Here we re are using simple linear regression on the
Auto
data set. We use the lm()
function to
perform a simple linear regression with mpg
as the response
and horsepower
as the predictor. We use the
summary
function to print the results.
# first we load the dataset
library(ISLR2)
## Warning: package 'ISLR2' was built under R version 4.4.2
df_auto <- Auto
head(df_auto)
#fit the simple linear regression model
model <- lm(mpg ~ horsepower, data=df_auto)
#print the summary of the model
summary(model)
##
## Call:
## lm(formula = mpg ~ horsepower, data = df_auto)
##
## Residuals:
## Min 1Q Median 3Q Max
## -13.5710 -3.2592 -0.3435 2.7630 16.9240
##
## Coefficients:
## Estimate Std.
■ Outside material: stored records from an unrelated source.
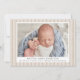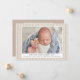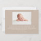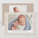 Celebrate the arrival of your little bundle of joy with our beige striped birth announcement photo cards. The farmhouse style birth announcements display your baby's photo on the front with a background of skinny beige linen stripes. Personalise the front of the announcements by adding the baby's name and birth information (birth date, length, weight, etc.). The simple birth announcement reverses to feature an additional photo with space for a message in white text with a dark beige background.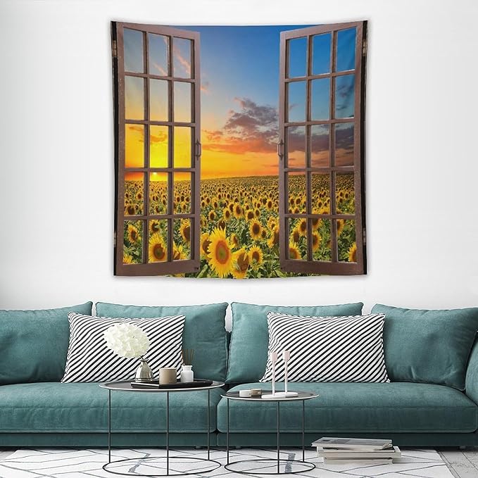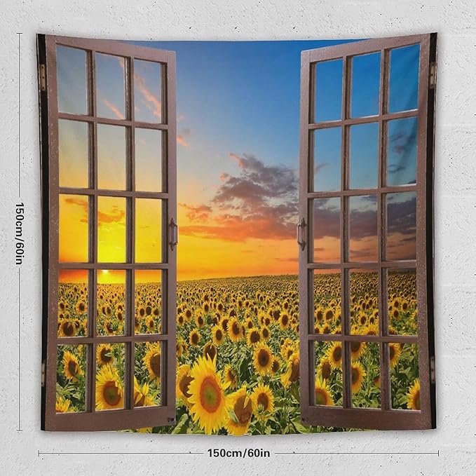 ZhiRain Sunflowers Scenery Tapestry Wall Hanging Through The Window Fields Sunset Landscape Tapestries Home Decor for Living Room Bedroom Apartment Farmhouse Dorm 60"x60"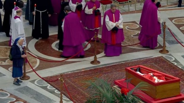 Geneviève Jeanningros ha sido la protagonista este miércoles. Es una monja francesa de 81 años, era amiga del Papa Francisco, quien la apodaba con cariño la enfant terrible. La religiosa pertenece a las Hermanitas de Jesús. Sor Geneviève ha roto el protocolo al no esperar su turno después de los cardenales, obispos y personal del Vaticano, que deben ser los primeros en despedir al Papa en la Basílica de San Pedro. Como se puede ver en la imagen, Geneviève Jeanningros se ha quedado frente al féretro para despedirse del Santo Padre.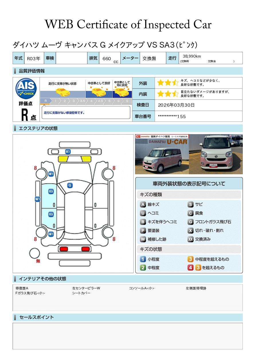 車両状態証明書が付いておりますので、安心してお選び出来ます。詳しくは、スタッフまでお気軽にお問合せください。
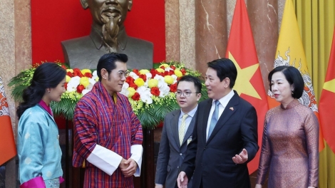 (VOVWORLD) - König Jigme Khesar Namgyel Wangchuck und Königin Jetsun Pema Wangchuck von Bhutan haben am Freitag Hanoi verlassen und damit erfolgreich ihren Staatsbesuch in Vietnam beendet, der vom 18. bis zum 22. August auf Einladung von Staatspräsident Luong Cuong und seiner Frau stattfand.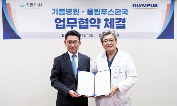 ▲글로벌 의료기업 올림푸스한국이 10일 서울 서초구 기쁨병원과 내시경 진단 및 치료 분야 첨단화를 위한 업무 협약(MOU)를 맺었다고 밝혔다. 이번 MOU를 통해 기쁨병원은 국내병원 최초로 올림푸스한국의 최신 내시경 시스템인 '이비스 엑스원(EVIS X1)'과 대장내시경 검사 보조 AI 시스템 '엔도브레인 아이(EndoBRAIN-EYE)'를 모두 도입한다. 이와 더불어 올해 올림푸스에서 출시하는 최신 스코프도 도입할 예정이다.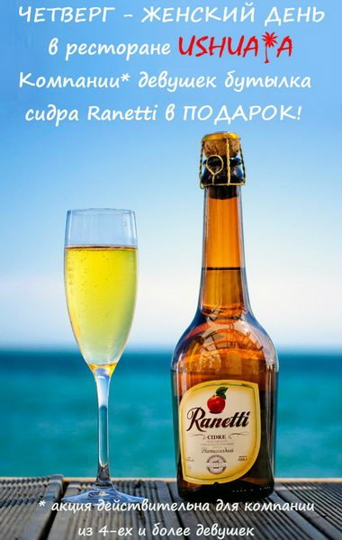 Компанию девушек ждет приятный сюрприз - бутылка сидра Ranetti в подарок! Акция действительна для компании из 4-ех и более девушек. Контактный телефон: (093) 034-34-34.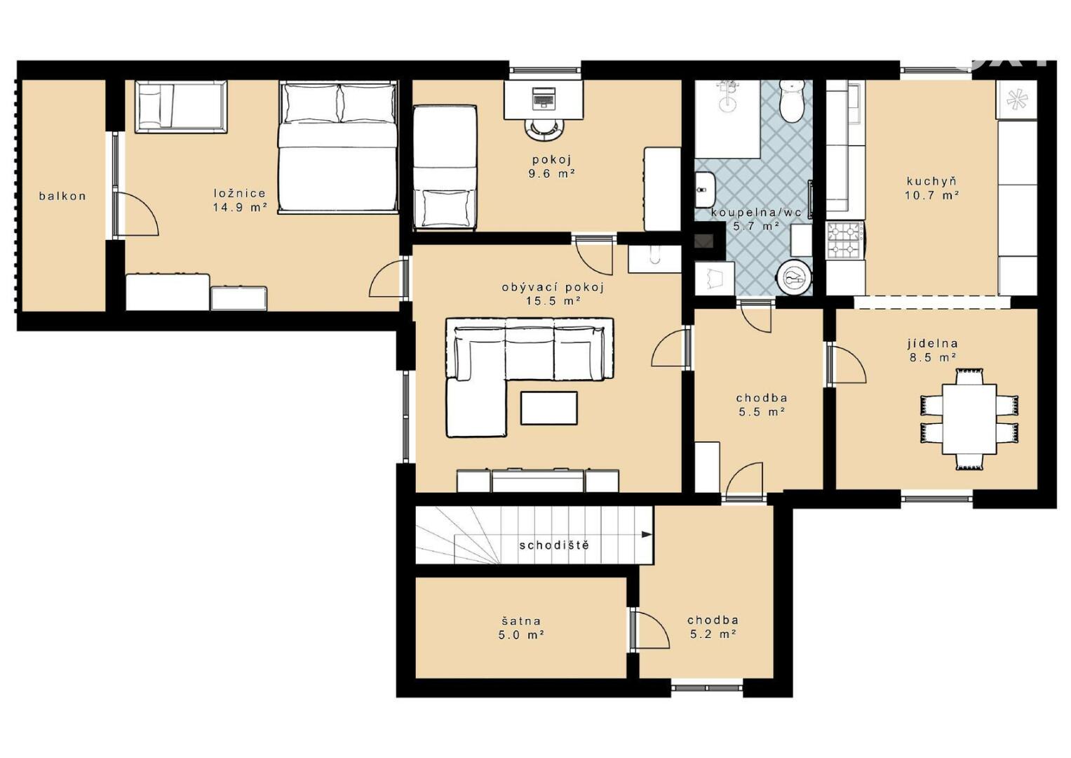 Vybavení a služby: Moderní kuchyňská linka se spotřebiči (myčka, trouba s varnou deskou, lednice), krb v obývacím pokoji a zahrada s terasou a grilem. Obecní vodovod i kanalizace. Rodinný dům si nový majitel převezme včetně vybavení.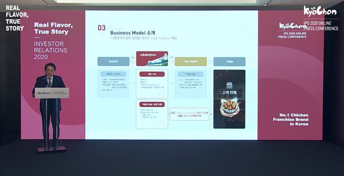 | ▲ 22일 황학수 교촌에프앤비 사장이 IPO 온라인 기자 간담회에서 발표하고 있다(출처=교촌 IPO 온라인 기자간담회 캡쳐) |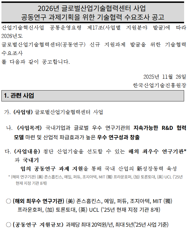 [KIAT] 2026년 글로벌산업기술협력센터 사업 공동연구 기술협력 수요조사 공고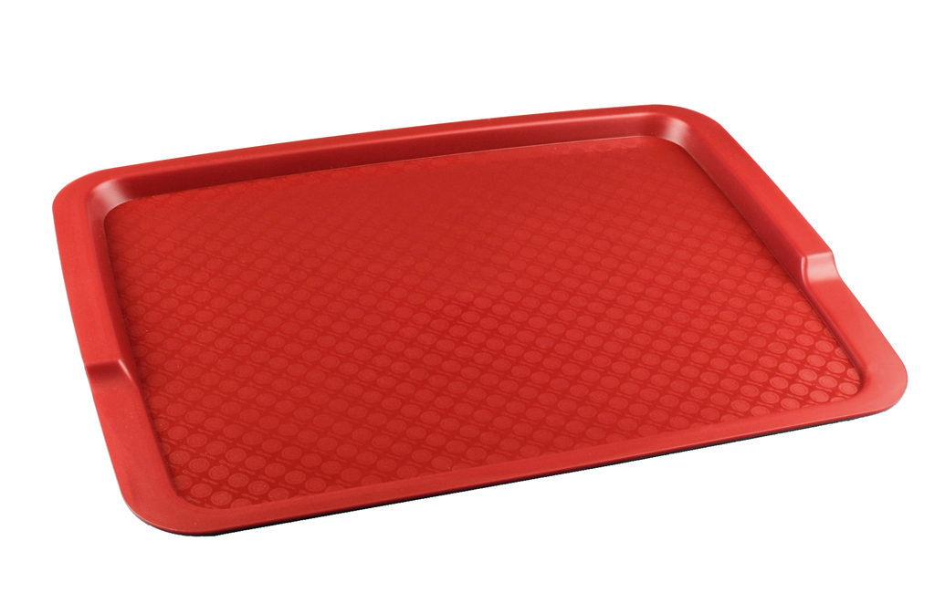 • Поверхность — шагрень в виде фирменного знака общепита. Поднос для фаст-фуда, используются бортики разной высоты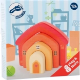 Pezzi di diverse dimensioni si impilano e si inseriscono l’uno nell’altro, favorendo prese precise e la coordinazione occhio–mano nei più piccoli.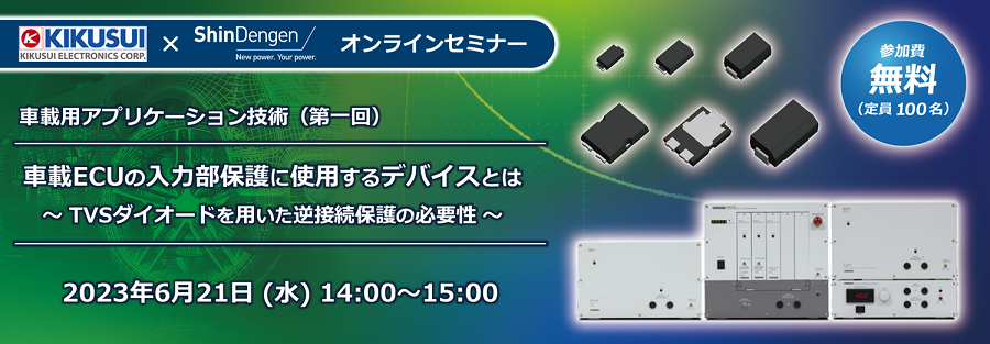 本セミナーでは、ECUの入力部保護に使用するデバイス(TVSダイオード)の必要性や保護の方法、保護用デバイスの種類やメリットについて説明します。また、ノイズ源として、国際規格であるISO7637-2規格や ISO16750-2規格の過渡サージ・電源電圧変動に対して、デバイスの使用例や各規格波形に関する発生原理、規格の最新動向についても詳述します。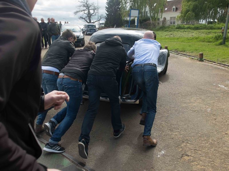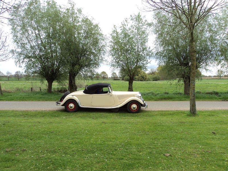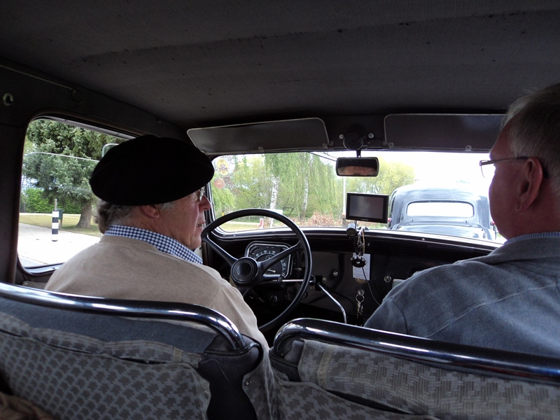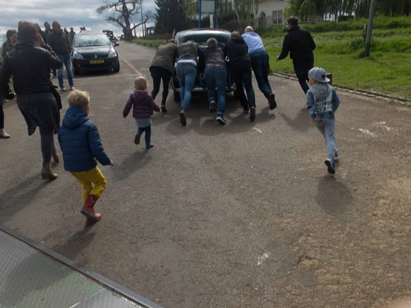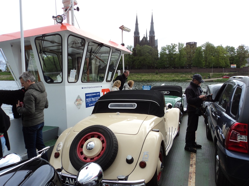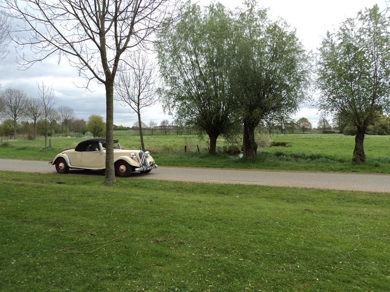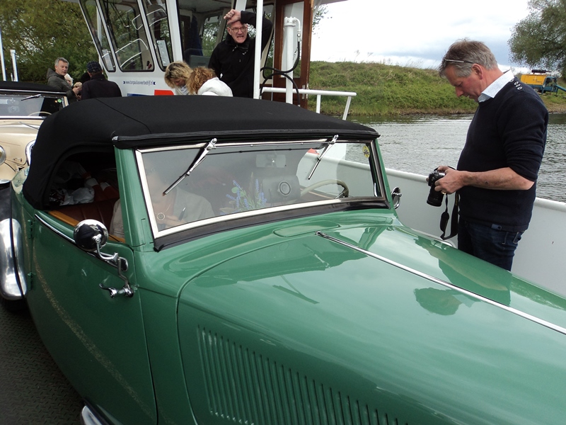 Hebben we deze keer dan geen enkele technische problemen? Jawel hoor, naast John Lambrechts heb ik ook een mankement. Maar is het nu “te weinig getankt” of achterstallig onderhoud? Feit is dat de dame 300 meter voor het einde van de rit, waarvan 100 met het pontje, niet meer wil starten. Gelukkig zijn er omstanders die meehelpen om haar veilig de helling op duwen en bij Maes neer te zetten. Op de parkeerplaats kijk ik samen met Ton onder de motorkap. Jan haalt zijn gereedschap. En Ton stelt de contactpuntjes opnieuw af. De Traction rijdt weer. En als we later naar huis rijden, rijdt Henk voor de zekerheid achter ons aan. Dit is TAN Zuid op zijn best, bedankt voor de hulp!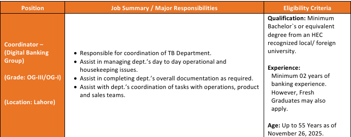 Coordinator for Digital Banking Group (OG-III/OG-I) Lahore Last date: 26 November 2025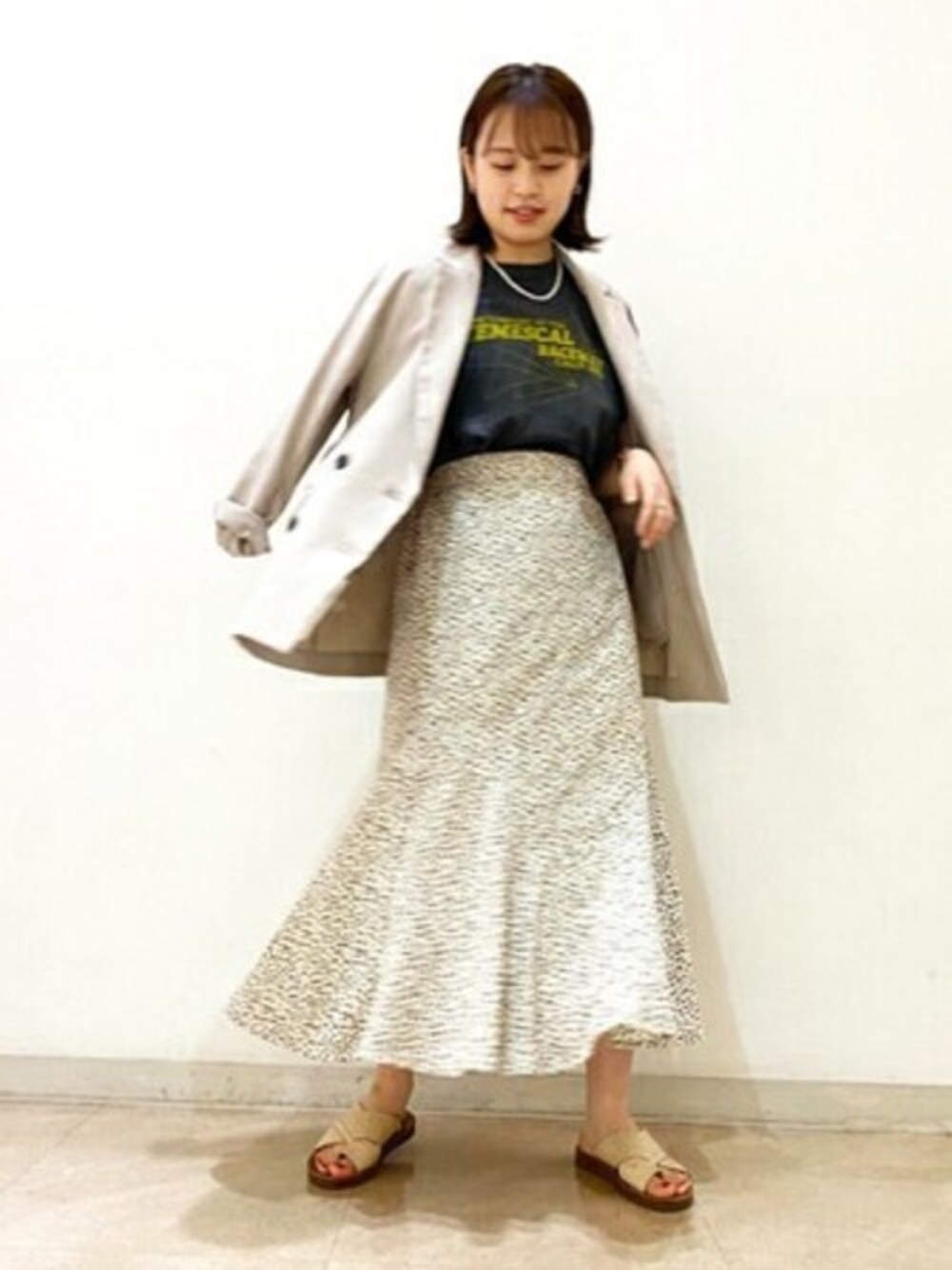 裾が柔らかく広がるトレンドのマーメイドスカート♡ 腰から膝上までストンと落ち感があり、履いた時もシルエットを綺麗に見せてくれます♪ カジュアルにTシャツと合わせて今年っぽく仕上げました◎

Error t value Pr(>|t|)
## (Intercept) 39.935861 0.717499 55.66 <2e-16 ***
## horsepower -0.157845 0.006446 -24.49 <2e-16 ***
## ---
## Signif. codes: 0 '***' 0.001 '**' 0.01 '*' 0.05 '.' 0.1 ' ' 1
##
## Residual standard error: 4.906 on 390 degrees of freedom
## Multiple R-squared: 0.6059, Adjusted R-squared: 0.6049
## F-statistic: 599.7 on 1 and 390 DF, p-value: < 2.2e-16
Is there a relationship between the predictor and the response?
Yes, there exist a relationship between horsepower predictor variable
and mpg response variable. We know this by looking at the
p-value
from the regression summary of the coefficient
associated with horsepower which is 2 x 10-16
. Since the
p-value is extremely small, this implies that there is a statistically
significant relationship between the two.
How strong is the relationship between the predictor and the response?
To determine the strength of the relationship between the predictor
and the response, we use the \(R^2\)
which has a value of 0.6049 which means that the 60.49%
variation of mpg
is explained by the model using
horsepower.
Is the relationship between the predictor and the response positive or negative?
The relationship between the predictor and the response is negative.
We know this by looking at the sign of the coefficient for horsepower
variable. The coefficient is -0.1578 meaning higher
horsepower
leads to lower mpg
. This makes
sense practically because more power engine cars are less
fuel-efficient, thus higher miles per gallons.
What is the predicted mpg associated with a horsepower of 98?
Using the below linear regression equation from our model, we can make a prediction of mpg given a horsepower value of 98.
\[\begin{align} mpg &= 39.94 - 0.1578 \times \text{horsepower} \\[4pt] &= 39.94 - (0.1578 \times 98) \\[4pt] &= 24.48 \text{(mpg)} \end{align}\]
Hence answer is 24.48 mpg.
What are the associated 95% confidence and prediction intervals?
#compute the confidence and prediction intervals
confint(model, level = 0.95)
## 2.5 % 97.5 %
## (Intercept) 38.525212 41.3465103
## horsepower -0.170517 -0.1451725
For the intercept we have a confidence interval of (38.53, 41.35), meaning that the when mean mpg when horsepower is zero is between these values.
For the horsepower CI (-0.1705, -0.1452) meaning that for each additional unit of horsepower, mpg decreases by a value within this range.
Plot the response and the predictor. Use the
abline()
function to display the least squares regression
line.
plot(
df_auto$horsepower,
df_auto$mpg,
xlab="horsepower",
ylab="mpg",
pch = 16,
col="blue")
#adding a regression line
abline(model, col="red", lwd=2)
mpg
and horsepower
.Use the plot()
function to produce diagnostic plots
of the least squares regression fit. Comment on any problems you see
with the fit.
par(mfrow=c(2,2))
plot(model)
From the Residual vs. Fitter Values, we can see
that the residuals follows a certain pattern as seen from the curved red
line, and are not random. This suggests a problem in our linear model.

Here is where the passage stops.